The sheer amount of nominations that “Thrones” got for its swan song seems to belie the fact that for many devoted followers of the conflict in Westeros, the eighth and final season was generally considered the weakest among them all. With only six episodes filled with a breakneck pace of storytelling and anticlimactic comeuppances of many antagonistic personages in the narrative, audiences were of the opinion that the Benioff-Weiss show-runner tandem were just looking to finish the show quickly. 
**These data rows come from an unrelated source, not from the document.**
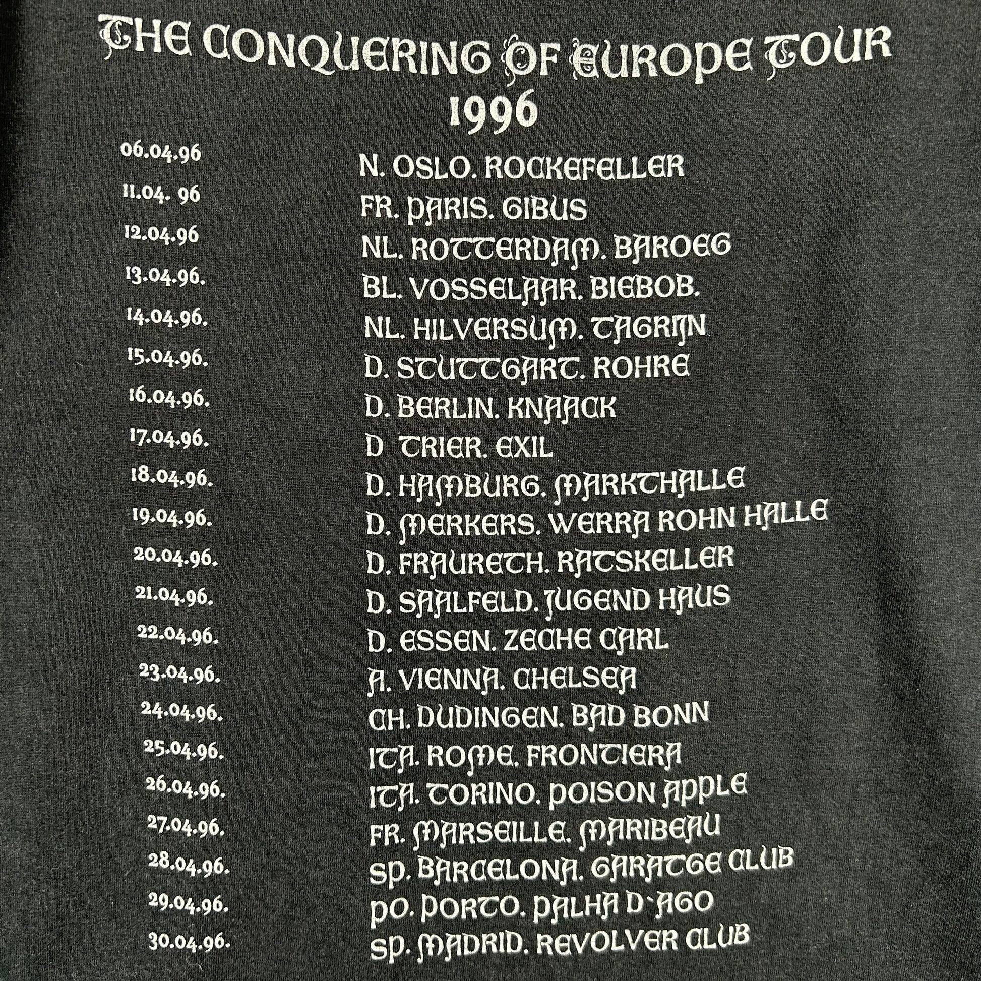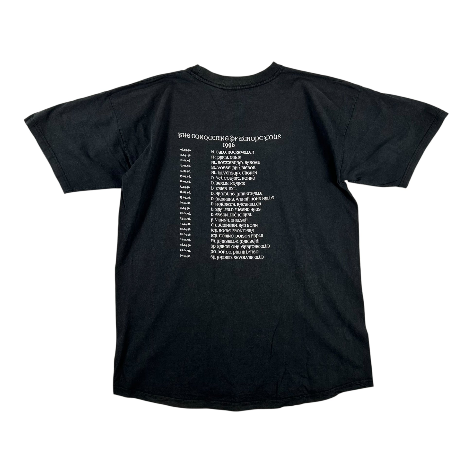 Tour tee from the band’s pivotal 1996 European run supporting their landmark album Nemesis Divina (released April 1996). Black metal in its purest form!
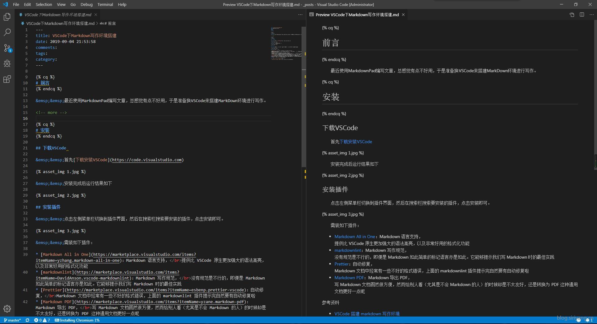 最近使用MarkdownPad编写文章,总感觉有点不好用,于是准备换VSCode来搭建MarkDown环境进行写作。
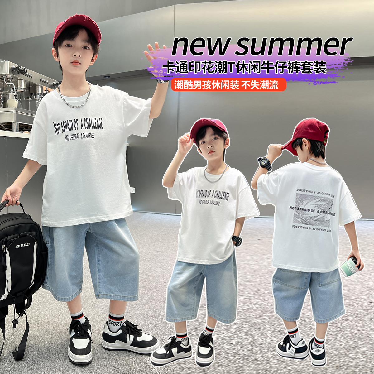 男童夏季套装2025两件套儿童夏装男孩百搭短袖牛仔裤两件套 192783
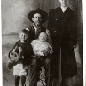 Photo: The grandparents of Isaac Tinney, 1914. Adults Joe Tinney and Stella Tinney, young boy Isaac (Ike) and baby Elbert Tinney.
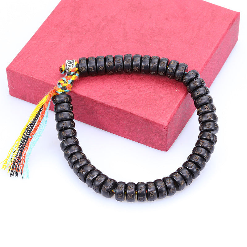 The Harmony Six Wisdom Coconut Bracelet blends beauty and positive energy. It's designed for comfort and confidence, made from black coconut shells for stability, and adorned with colorful knots for luck. It incorporates a six-letter word symbolizing wisdom, peace, and insight. This piece of jewelry bridges Tibetan wisdom with modern design, promoting cultural understanding and respect. It's more than a bracelet; it's a cultural messenger, encouraging a life attitude that harmonizes ancient wisdom with the modern world.
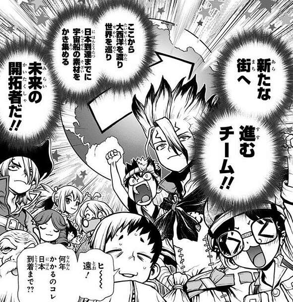 超合金の街を樹立し、超合金からロケットエンジン(LV.1)も完成させた千空とゼノですが、宇宙船を飛ばすためのロケットエンジンはさらに改良したLV.99のものが必要となります。そのため、千空やゼノ達はチームを3つに分けて、各々別の活動をすることになります。
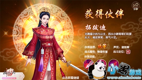 5、不同伙伴提供的属性有所区别, 品质越高的伙伴提供给小主们的属性加成越多。伙伴亲密度、伙伴学识,都可大幅提升伙伴属性。伙伴诰封后,可以解锁关键技能,强化技能,大幅提升战斗属性。诰封所需的道具,可以从抵抗封地外敌入侵,参加宴会,以及各种商店中获得。
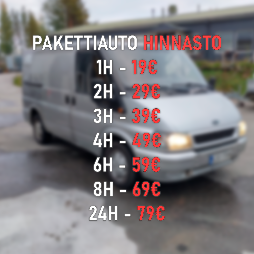 Meiltä varaat pakettiauton helposti ja edullisesti. Vuokraus sisältää vapaat kilometrit. Pakettiauton voi vuokrata varaa nyt sivulta (VUOKRAUSLINKKI – kohdasta), soittamalla 044 985 1340 arkisin ja viikonloppuisin klo 8-20 tai sähköpostitse info@kankirent.fi
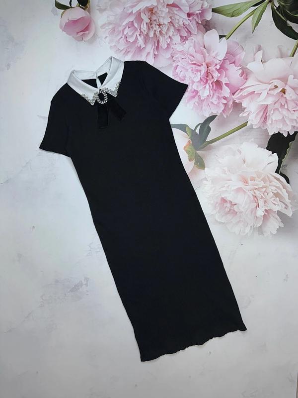 Длинное платье с воротником Ткань рубчик, хорошо тянется Ворот украшен кристаллами и бусинками Состояние идеальное 🏷️River Island 11-12 лет/152 Длина 91. ПОГ 35+
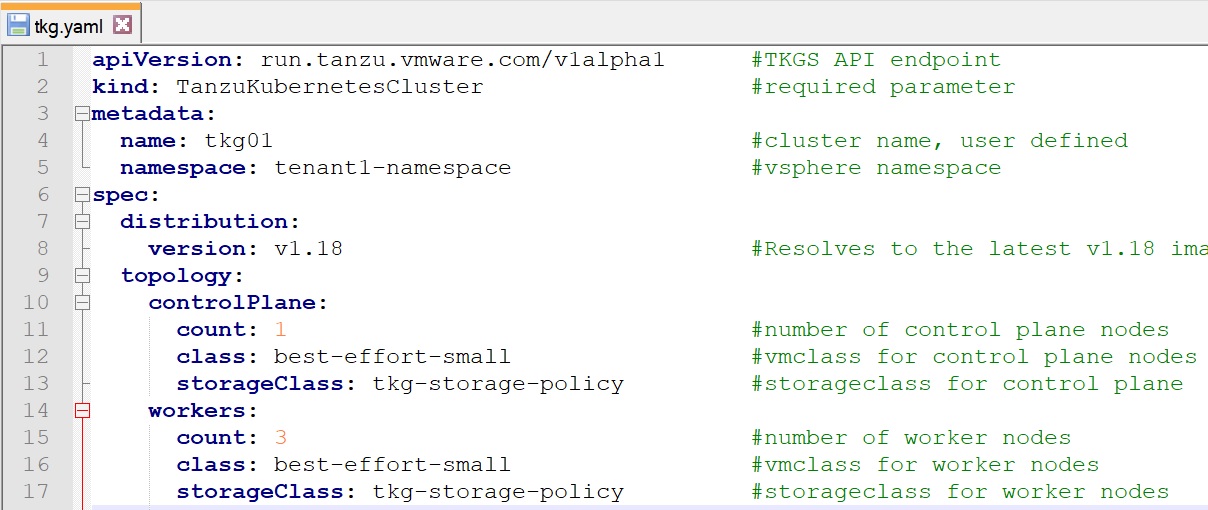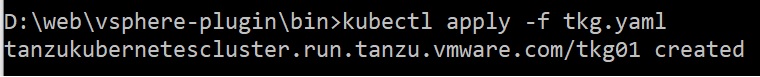 Lets create a workload cluster, we can create a yaml file with the configuration details and then use kubectl to apply it, I create one control plane and three worker nodes, I use the best-effort-small class to create the bare minimum as this is a test lab, I also select the storage class using the tkg_storage_policy we created earlier.
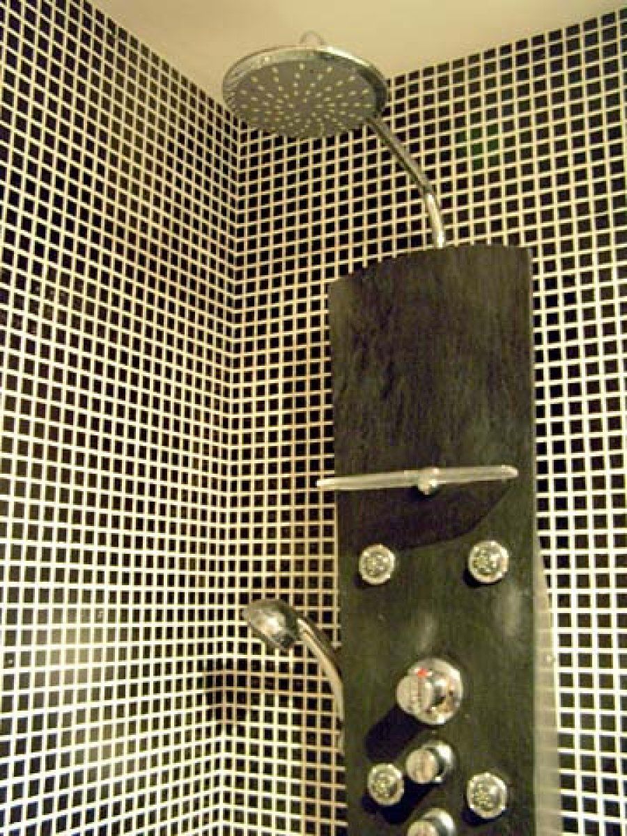 Asimismo, se han disimulado los accesos a otras instalaciones de uso higiénico diario con puertas traslúcidas. La columna de ducha está revestida de pizarra mientras que inodoro y bidé continúan siendo fieles a la porcelana blanca, igual que el lavabo de planta cuadrada provisto de grifo monomando.
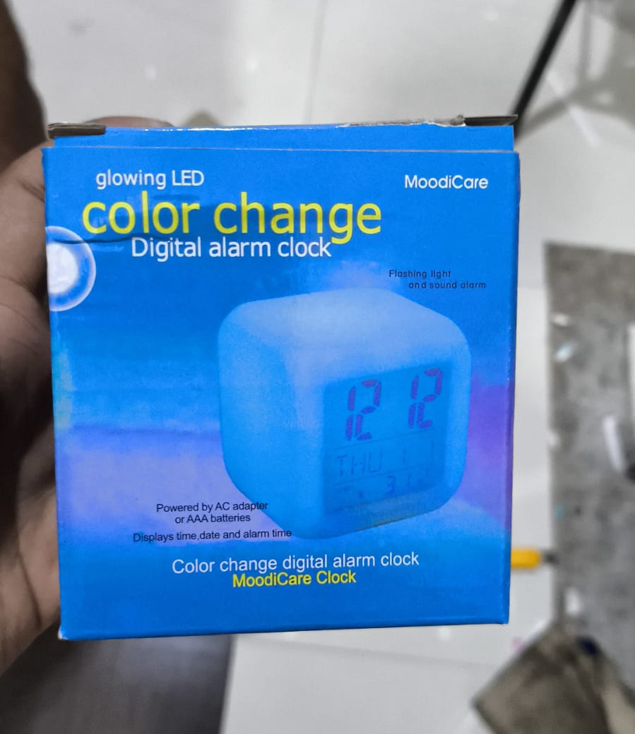 - Our digital clock glows in 7 different colors, so you can choose what works best with you in the morning .
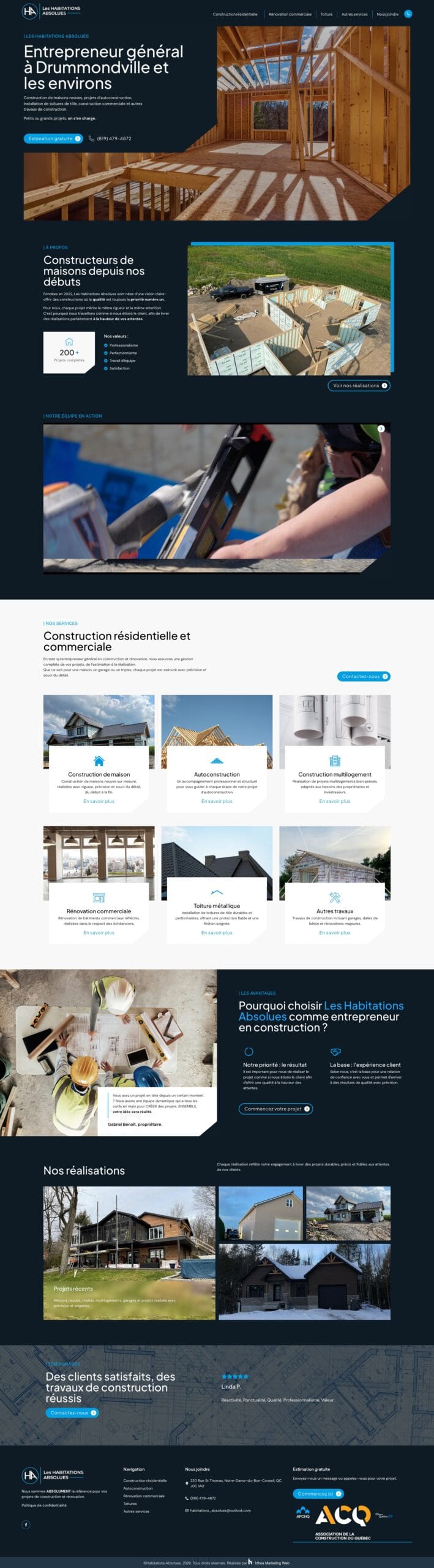 Un site web à la hauteur des réalisations d’Habitations Absolues, conçu pour inspirer confiance et générer des leads qualifiés. Une plateforme performante qui permet désormais de lancer des campagnes Google Ads qui convertissent réellement et soutiennent la croissance de l’entreprise.

At least the Emmys ceremony understood the meaningfulness of the series’ TV farewell, thus they gathered representatives of the cast onstage flanking Tyrion Lannister actor Peter Dinklage, who won the only other 2019 Primetime Emmy for “Game of Thrones” as Outstanding Supporting Actor in a Drama Series. On their acceptance speech, Dave Benioff remarked that their success with the show was thanks to the original story woven from “the demented mind of George R. R. Martin;” he actually has yet to finish the last two books of the original novels that the series was based on.

When it comes to the most winning show however, Amazon Prime Video netted 4 Emmys for British comedy-drama “Fleabag,” followed by three awards from miniseries “Chernobyl,” also from HBO. Said network retains Primetime Emmy supremacy with nine awards from its various nominated shows, followed by 7 from Amazon Prime Video, 4 from Netflix, and two each from NBC and FX.